Rules We’re Meant to Break Review

“If I make sure I don’t get attached to anyone next time, it’ll be better for me when things end.”

– Natalie Williamson

Happy Book Birthday to Rules We’re Meant to Break! Find my original review below and consider picking this on up for the summer.

(Thank you to Macmillan Children’s Publishing Group for and ARC of this novel)

The Rules:

  1. Always keep your eyes on the horizon
  2. Children of Mom’s boyfriends are roommates to be tolerated, not friends
  3. Get used to introducing yourself to strangers
  4. Related, get used to spending your holidays with strangers too, because that’s pretty much the norm
  5. Protect your plate at all large meal gatherings, holidays or otherwise
  6. Never ask Mom’s boyfriends for help, unless it’s a legitimate emergency
  7. Never get romantically involved with anyone connected to Mom’s boyfriends or their families
  8. Don’t get involved in any “family” drama, even if it’s juicy and hard to resist
  9. Keep your real life separate from Mom’s life with her current boyfriend
  10. Remember you love your mom. I know it’s hard sometimes. But do it anyways.

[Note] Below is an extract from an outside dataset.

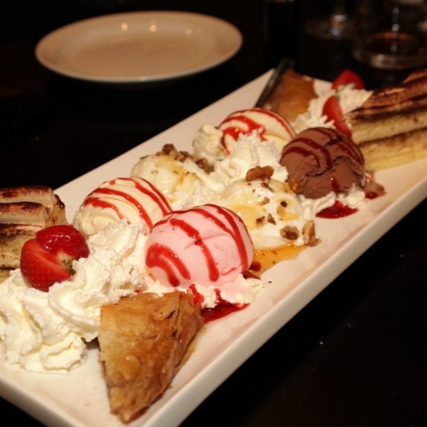 - Of een Griekse salade, gestoofde lamsschenkel en een Dame Blanche als dessert
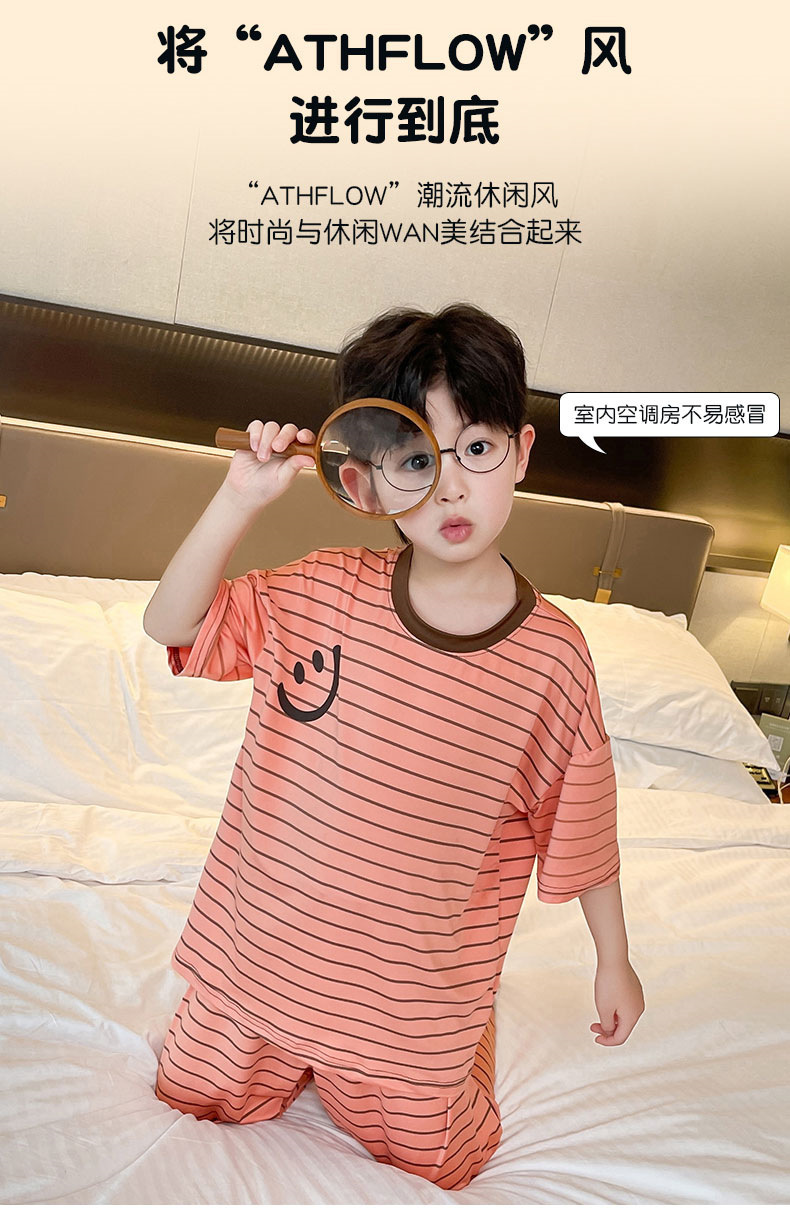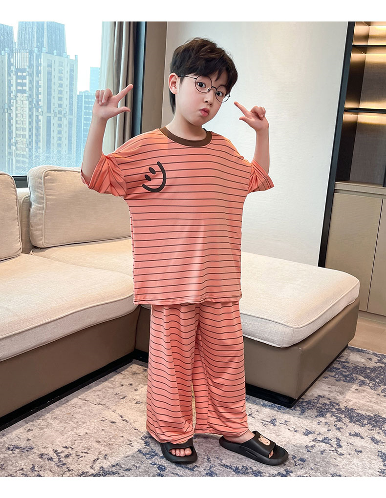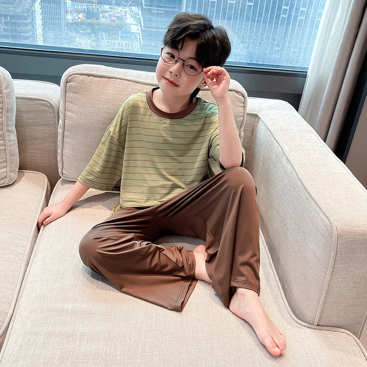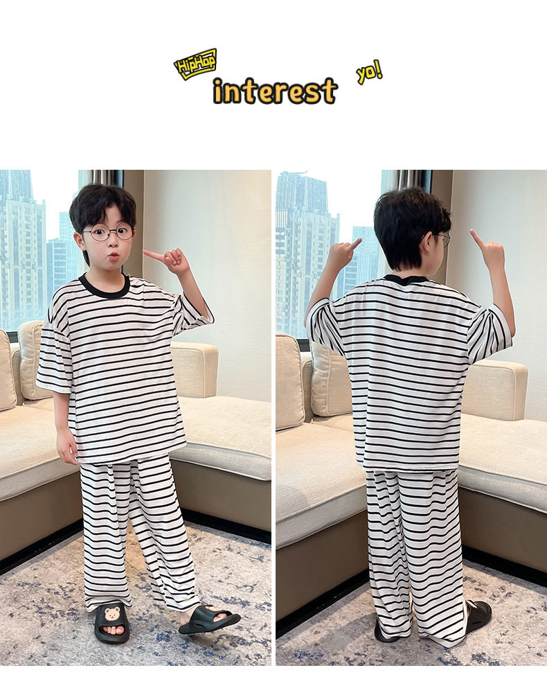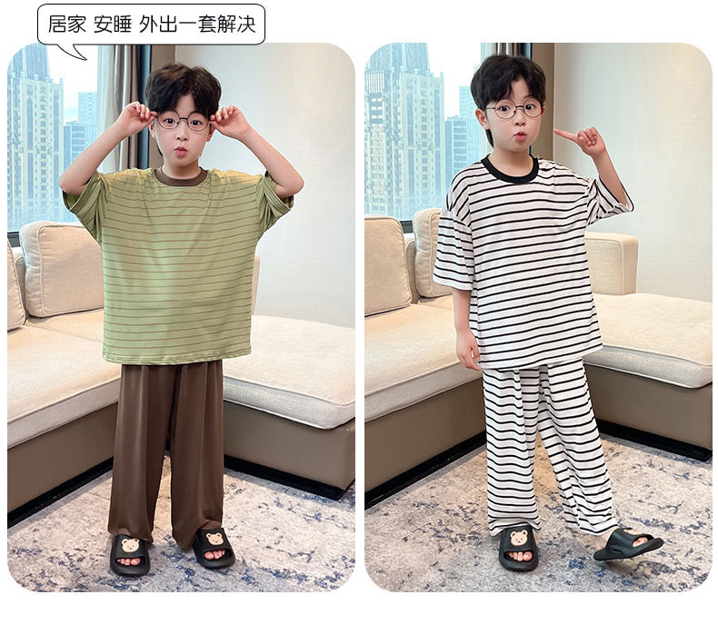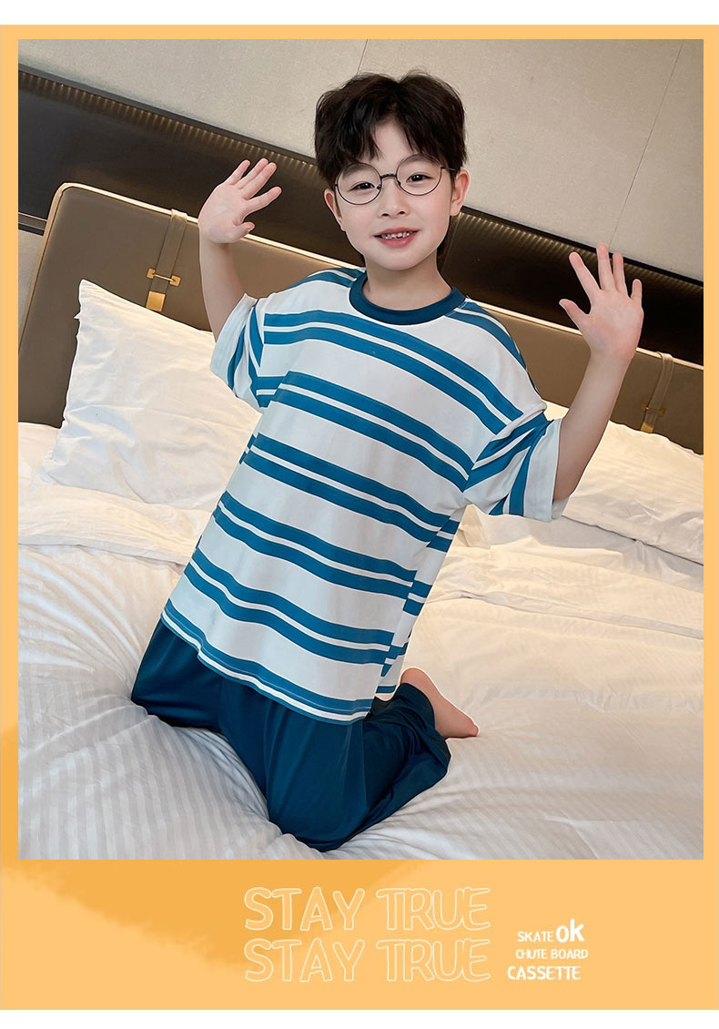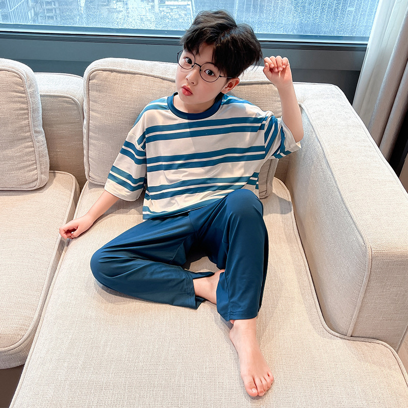 어린이 착용 소년의 여름 착용 모달 줄무늬 잠옷 홈 의류 세트 여름 얇은 소년의 큰 소년의 에어컨 옷스토어 가기

This story starts by introducing us to Amber on her birthday her freshman year of high school. She’s super excited about her birthday dinner that night with her mom’s boyfriend and his nephew that she’s hardcore crushing on, only to find out that while at school there’s been a breakup. While it turns out not to be the best birthday, Amber comforts herself by saving a puppy, Buffy, in front of a pet store and by creating a set of rules to keep her in check for the next men that enter her and her mom’s lives. 

We then flash forward to her senior year where her mom has a new boyfriend, Kevin, whose house she is moving into. The rules are still in full effect, especially with all the ugliness surrounding the Kevins’ recent divorce and drama with his daughter Cammie. The only good thing about moving is that Jordan Baugh, her freshman year crush, lives down the street from her. After discovering that he is friends with Cammie though Rule 7 goes into effect. As Amber takes on the role of tutoring Jordan though, lines are blurred and some rules might need to be broken. 

I loved Buffy!!! This dog was really the glue that pulled everyone together in my eyes. She was so dang good and well trained. Like this dog knew commands such as “chill” and “hang” which differed from the boring old stay and pillow. Everyone loved her and even those that immediately didn’t like her, she grew on. She was Amber’s safety net and future all rolled into one cute pup. 

The friendship between Amber, Heather and later on Cammie was so perfectly realistic. Amber and Heather were the epitome of what friendship should be. They ebbed and flowed no matter the circumstances or changes that needed to happen like with college arrangements, boyfriends and Amber’s attachment issues. Heather was there when Amber needed her and also challenged some of the decisions she made, which we all need sometimes. Cammie came as a surprise to me. When we first meet her I assumed she’d be a spoiled brat and totally snobby, but during the novel she grew on both Amber and I. 

The college decisions involving boys, friendships, and money were all factors that were handled beautifully and realistically. I got nervous there for a bit with some of the factors, but in the end everyone made their own decisions for the right reasons. 

While Amber had a ton of growth, I felt like there could have been more and I wanted more for her. She did quite a few hurtful things to the people around her, and while she had the self-awareness to know that she generally never really explained or apologized sufficiently. Her friends, Kevin and even Jordan were forced to take the high road in some of these situations and move on from it. It would’ve been nice if she had stepped up a bit more.

The romance was sweet and I loved Jordan, but after finishing the book I realized I knew nothing about him except that he loved basketball, was a pretty good player, struggled with writing, and had a bisexual sister. What did he want to go to college for? Did he think he could go pro? What were his dreams besides basketball? How long had he liked Amber? How did he get into basketball? I would have liked more depth to him which would have added a bit more to the romance as well.

This overall was a cute little summer read. I might have to buy a finished copy of it just so I can reread it while sunbathing next to the pool this summer. It was a light read that I thoroughly enjoyed and for her debut novel I’d say Natalie Williamson did an amazing job. It was comparable to Julie Buxbaum and Jenn Bennett, two of my favorite summer reads authors. I can’t wait to see what novel Williamson puts out next!